“You have heard it said, ‘Love your neighbor and hate your enemy.’ But I tell you: Love your enemies and pray for those who persecute you that you may be sons of your Father in heaven.” (Matt 5:43-45)
My next door neighbor (to my left) has been less than lovable in the 6 years that we’ve lived in our house. She had this major issue with our trees — silver and sugar maples are soft trees, and they drop a lot of limbs. Before we moved in, our other neighbors (on the right) lost their large sugar maple during a wind storm — it fell across the driveway of the house we now own and crushed the pickup truck sitting in the drive. The owner, fortunately, had just exited his vehicle. So, I can, to some degree, see her concern. Without a trust in our loving Father, she was left to her own devices to protect herself from our trees. So she harassed and harangued us until we had our back tree cut down. You can imagine my horror when a storm was raging outside at 10 pm, and I heard my neighbor screaming like a mad woman, pounding on my door, yelling profanities, all because a small limb grazed her garage roof and took out three shingles. Yeah, it was not a pretty sight. After that, we finally agreed to remove our tree. In hindsight, I can see what she feared might happen with the tree there, but at the time I was deeply wounded by her actions.
Just months later, while I struggled with morning sickness during my first pregnancy, Andrew traveled to China, and I went home to my parents to receive help while he was gone. When I returned, prior to Andrew’s return, and much to my chagrin, the tree in my front yard had likewise been removed. While we were out of town, she called and harassed the city, called in some favors, and had our tree removed. This was the final nail in the coffin. We avoided her as best we could, we put up a fence to allow ourselves some privacy, bought a new tree, and hunkered down to avoid her angry storms in the future.
This was four years ago this past summer. Four years. I have barely spoken to my neighbor in four years. We did have some confrontations where we voiced our reasons for withdrawing from the relationship with her. I calmly and clearly explained that no amount of anger a person might feel, in my mind, ever justified her actions. People simply shouldn’t treat others in that way no matter what. I was so grieved over the loss of our beautiful hundred year old trees. I blamed her for all of it. (And truly, it is her fault.)
But I have come to see over these four years that she truly needs the love of Jesus like no other. It has taken me a long time to come to the point where I can once again feel compassion for her instead of anger. The anger, thank Jesus, did vanish some time ago, but I still felt the need to maintain a safe distance. I would not consider my feelings of the past towards her anywhere near the camp of compassion.

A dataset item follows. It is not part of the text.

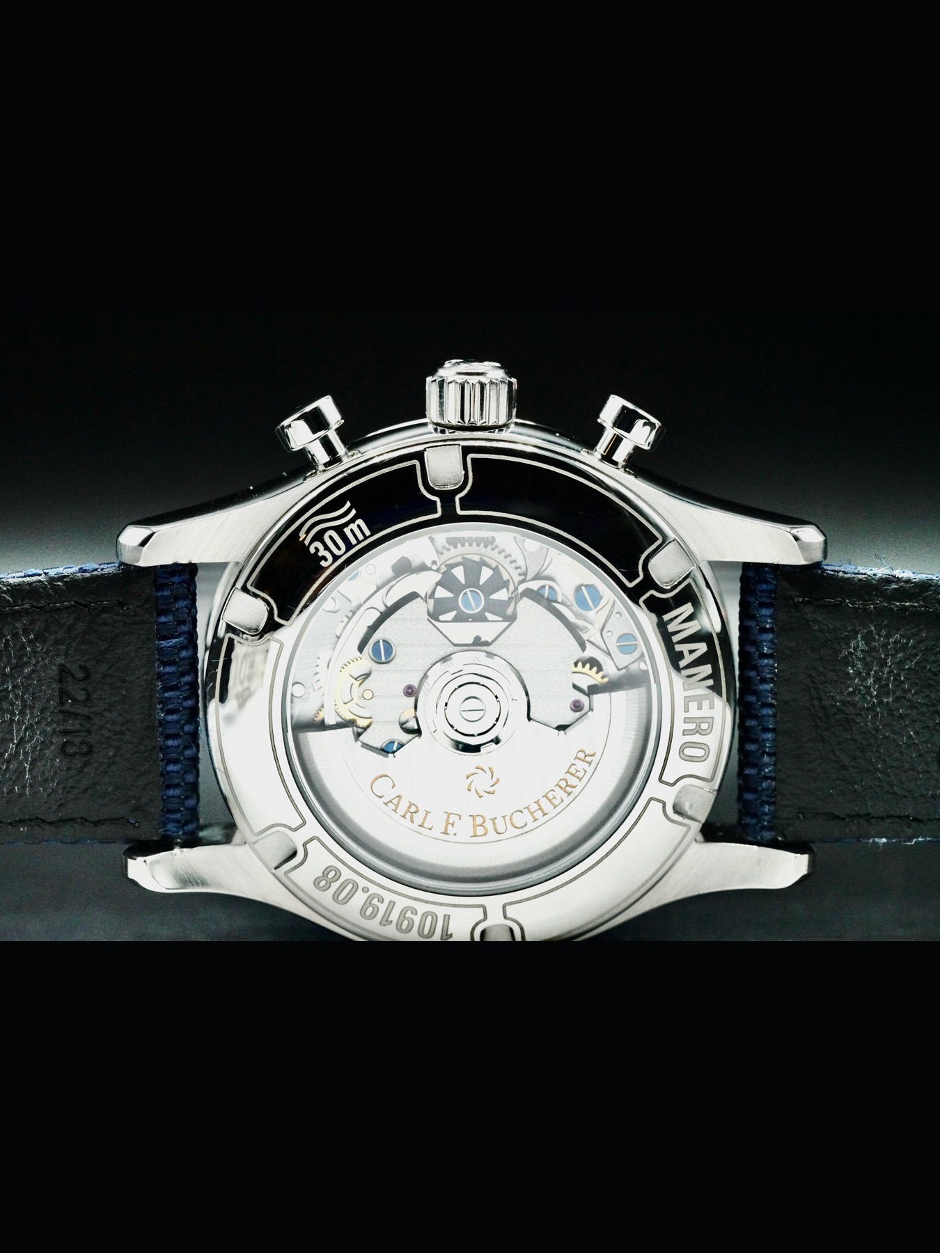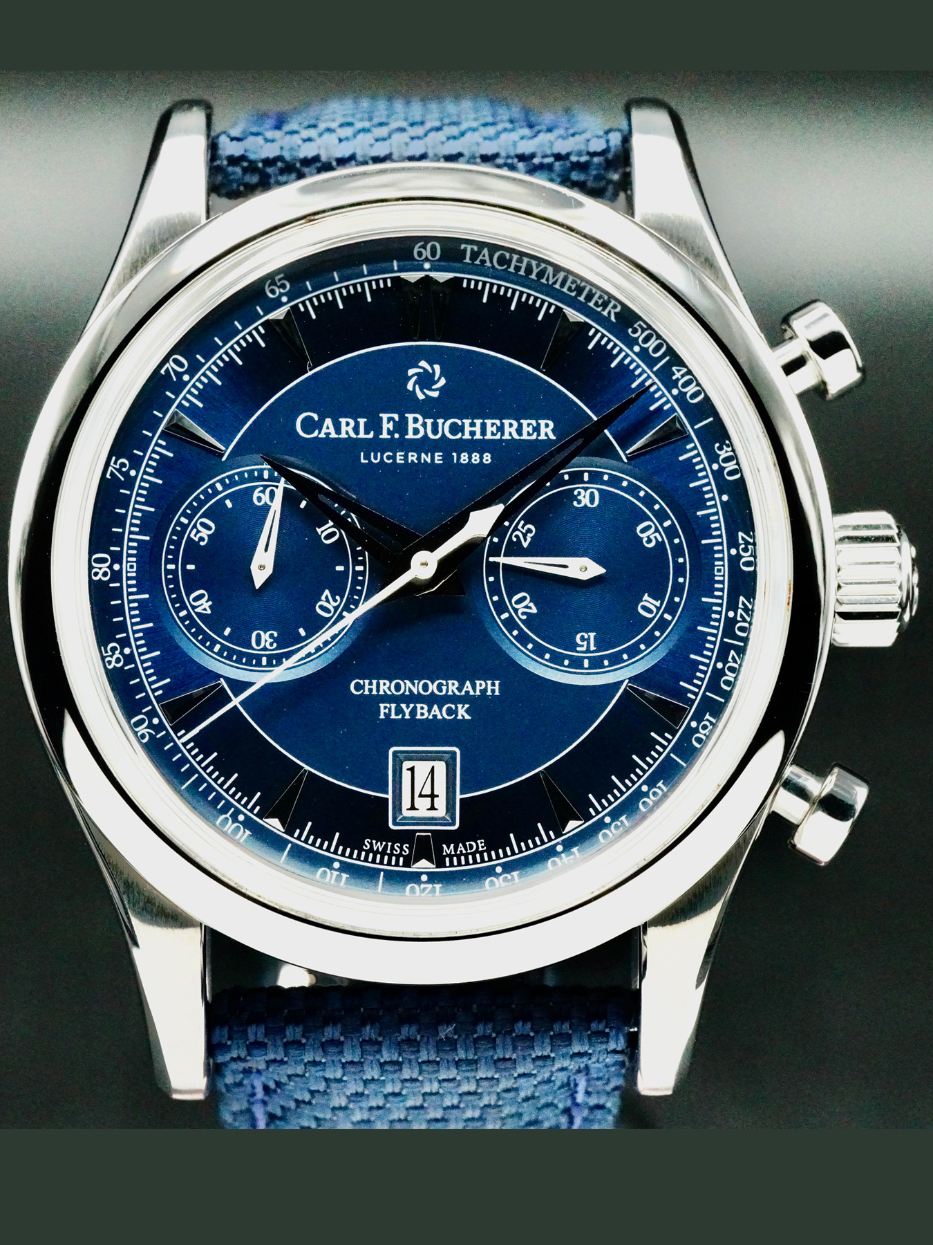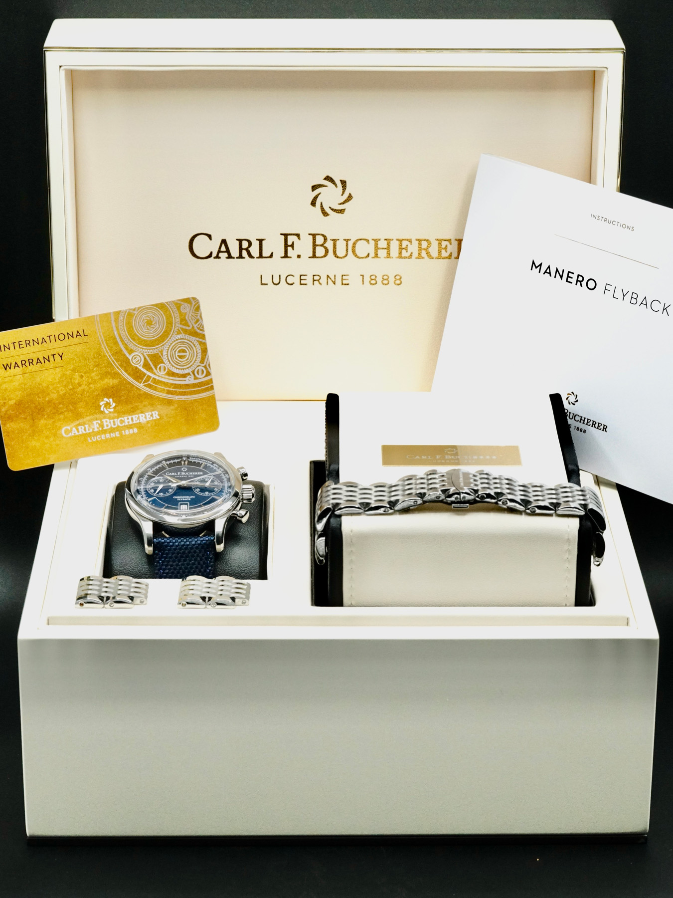 This Carl F. Bucherer 10919.08.53.21 Manero Flyback is in EXCELLENT condition. This watch includes its original box, instruction manual, and warranty card dated for 2021. Extra stainless steel bracelet and links. This watch has been fully authenticated and certified by Exquisite Timepieces.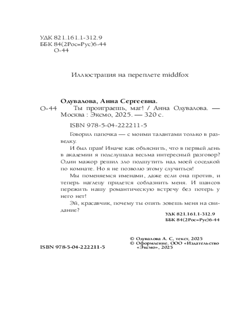💳 Оплатить за товар можно при получении 🇰🇿 Есть бесплатная доставка по Казахстану от 1 дня 🎁 Копите бонусы с каждой покупки Серия: По следам литмоба Говорил папочка — с моими талантами только в разведку. И был прав! Иначе как объяснить, что в первый день в академии я подслушала весьма интересный разговор? Один мажор решил зло подшутить над моей соседкой по комнате. Но я не позволю этому случиться! Мы поменяемся именами, даже если она против, и теперь наглецу придется соблазнить меня. И шансов пережить нашу романтическую встречу без потерь у него нет! Эй, красавчик, почему ты опять зовешь меня на свидание? |

In recent months our town has begun a “love your neighbor” crusade. My friend even wrote a book about loving your neighbor. The message has been blasted in my face as clearly as anything. And I have still felt resistance. I have not wanted to reach out to this woman. She is my neighbor, but I have not wanted to love her, and I, to my own fault, have resisted doing so.
But, a few weeks ago, she had surgery on her eardrum. She’s alone with her teenage daughter (who I am sure is not super helpful), and I felt moved to do something for her. The song that kept running through my head, the one line that says, “It’s your kindness, Lord, that leads us to repentance.” This is all at a time when the kindness of the Lord is resonating so deeply in my heart (from all the support we have received over Sophie’s need for speech and with my recent health issues). He has been so kind to me. How hard is it for me to be kind to someone else? Well, sometimes very hard. But the urge persisted, and so finally I bit the bullet, summoned my compassion and courage, and took her some muffins and a card. I’m embarrassed to admit that I was somewhat relieved when she didn’t come to the door. But I left my gift on her doorstep.
In the few weeks since I took her that package, I have had more meaningful conversations with my neighbor than I’ve had in four years. It’s been astounding. I never realized the impact that a small kindness of muffins and a card could do for my neighbor. She’s like a dry sponge, soaking in any drop of love that comes her way. I hope that the kindness of the Lord reaches her through our conversations, through my card, the muffins. I hope that in showing kindness to her, she will see the grace of Jesus in my life. Because it’s not about me being the bigger person or doing some great thing or wow, look at what I overcame. No. It’s about the reality that God has shown me so much kindness. I am mandated to give it away.
You see, we were all enemies of God at one point. Yet he loved us. He chose us. He wooed us with his kindness. He is the example of loving your enemy. I must love my enemy because I was the enemy, and he loved me.